Stored data below:

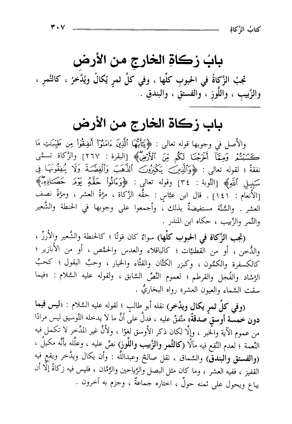 والأصل في وجوبها قوله تعالى {يَا أَيُّهَا الَّذِينَ آمَنُوا أَنْفِقُوا مِنْ طَيِّبَاتِ مَا كَسَبْتُمْ وَمِمَّا أَخْرَجْنَا لَكُمْ مِنَ الْأَرْضِ} [البقرة: من الآية267] والزكاة تسمى نفقة لقوله تعالى {وَالَّذِينَ يَكْنِزُونَ الذَّهَبَ وَالْفِضَّةَ وَلا يُنْفِقُونَهَا فِي سَبِيلِ اللَّهِ} [التوبة: من الآية34] وقوله تعالى {وَءآتُوا حَقَّهُ يَوْمَ حَصَادِه} [الأنعام: من الآية141] الأنعام قال ابن عباس حقه الزكاة مرة العشر ومرة نصف العشر والسنة مستفيضة بذلك وأجمعوا على وجوبها في الحنطة والشعير والتمر والزبيب حكاه ابن المنذر.
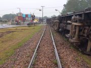 Trem de carga descarrila em Criciúma e trânsito é interrompido
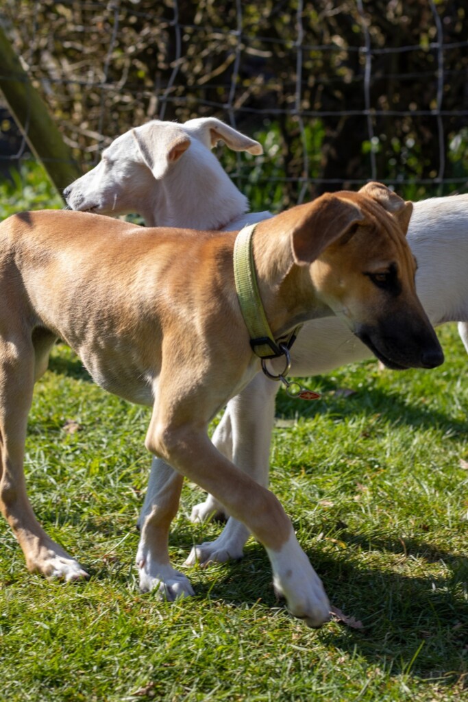 Joki is heel lief in het begin een beetje verlegen, ze moet echt even wennen aan nieuwe mensen en situaties, maar als ze eenmaal gewend is, is ze heel aanhankelijk. Ze is speels, sterk, nieuwsgierig en zachtaardig. Ze kan enorm hard rennen, waarschijnlijk zit er een scheutje windhondenbloed in haar. Ze kan heel goed met kinderen overweg en zou het beste passen bij een gezin dat haar even de tijd geeft om te wennen. Omdat ze wat onzeker is, is het fijn als ze een wat meer ervaren baasje krijgt. Ze is niet happerig en dat is erg fijn voor kleine kinderen. ’s Nachts blijft de bench meestal droog en schoon, en als je er op tijd bij bent, doet ze al veel van haar behoeften buiten. Ze kan al aan de lijn lopen, maar trekt nog wel wat, zeker als haar zusjes voorop lopen. Op de foto’s is ze de “egaal’ bruine hond
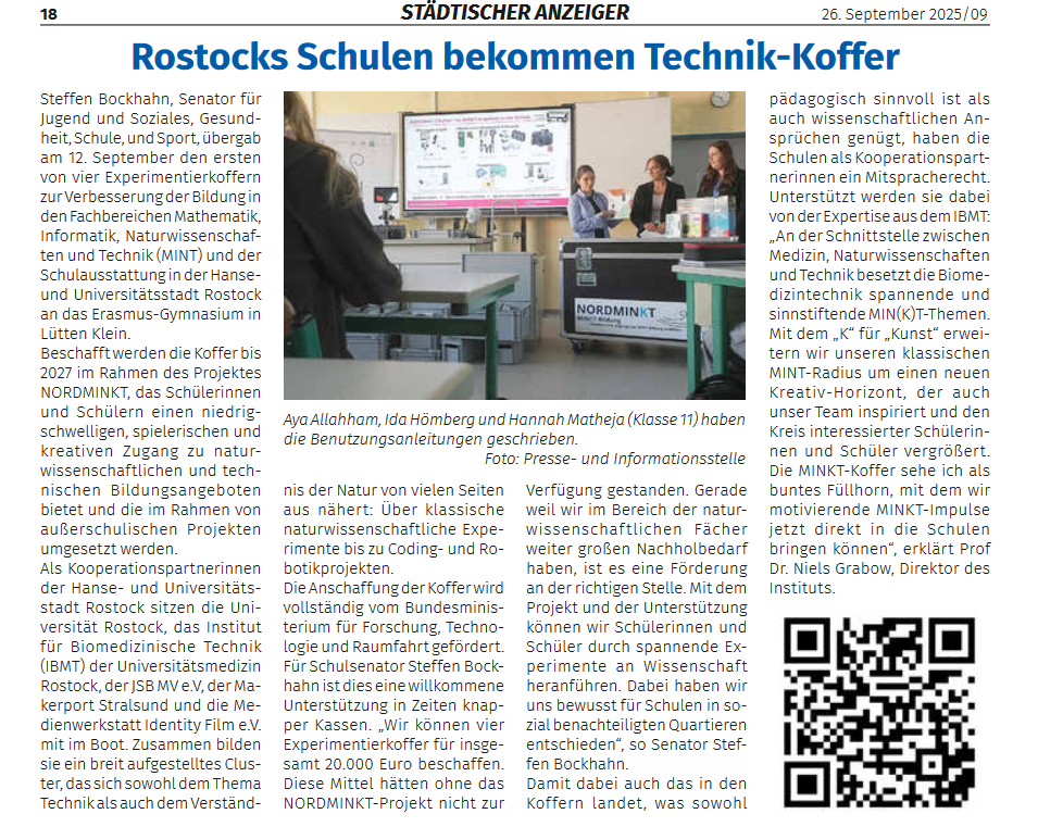 Am 12. September übergab Senator Steffen Bockhahn feierlich den ersten von vier Experimentierkoffern an unser Erasmus-Gymnasium. Die Koffer sind Teil des Projekts NORDMINKT, das bis 2027 naturwissenschaftliche und technische Bildung in Rostock stärkt – mit kreativen, spielerischen Angeboten für Schülerinnen und Schüler.

End of Stored data.

**What the task requires:**
Return the listing unchanged except for the pictures, which should be dropped.

**Response box:**
 والأصل في وجوبها قوله تعالى {يَا أَيُّهَا الَّذِينَ آمَنُوا أَنْفِقُوا مِنْ طَيِّبَاتِ مَا كَسَبْتُمْ وَمِمَّا أَخْرَجْنَا لَكُمْ مِنَ الْأَرْضِ} [البقرة: من الآية267] والزكاة تسمى نفقة لقوله تعالى {وَالَّذِينَ يَكْنِزُونَ الذَّهَبَ وَالْفِضَّةَ وَلا يُنْفِقُونَهَا فِي سَبِيلِ اللَّهِ} [التوبة: من الآية34] وقوله تعالى {وَءآتُوا حَقَّهُ يَوْمَ حَصَادِه} [الأنعام: من الآية141] الأنعام قال ابن عباس حقه الزكاة مرة العشر ومرة نصف العشر والسنة مستفيضة بذلك وأجمعوا على وجوبها في الحنطة والشعير والتمر والزبيب حكاه ابن المنذر.
 Trem de carga descarrila em Criciúma e trânsito é interrompido
 Joki is heel lief in het begin een beetje verlegen, ze moet echt even wennen aan nieuwe mensen en situaties, maar als ze eenmaal gewend is, is ze heel aanhankelijk. Ze is speels, sterk, nieuwsgierig en zachtaardig. Ze kan enorm hard rennen, waarschijnlijk zit er een scheutje windhondenbloed in haar. Ze kan heel goed met kinderen overweg en zou het beste passen bij een gezin dat haar even de tijd geeft om te wennen. Omdat ze wat onzeker is, is het fijn als ze een wat meer ervaren baasje krijgt. Ze is niet happerig en dat is erg fijn voor kleine kinderen. ’s Nachts blijft de bench meestal droog en schoon, en als je er op tijd bij bent, doet ze al veel van haar behoeften buiten. Ze kan al aan de lijn lopen, maar trekt nog wel wat, zeker als haar zusjes voorop lopen. Op de foto’s is ze de “egaal’ bruine hond
 Am 12. September übergab Senator Steffen Bockhahn feierlich den ersten von vier Experimentierkoffern an unser Erasmus-Gymnasium. Die Koffer sind Teil des Projekts NORDMINKT, das bis 2027 naturwissenschaftliche und technische Bildung in Rostock stärkt – mit kreativen, spielerischen Angeboten für Schülerinnen und Schüler.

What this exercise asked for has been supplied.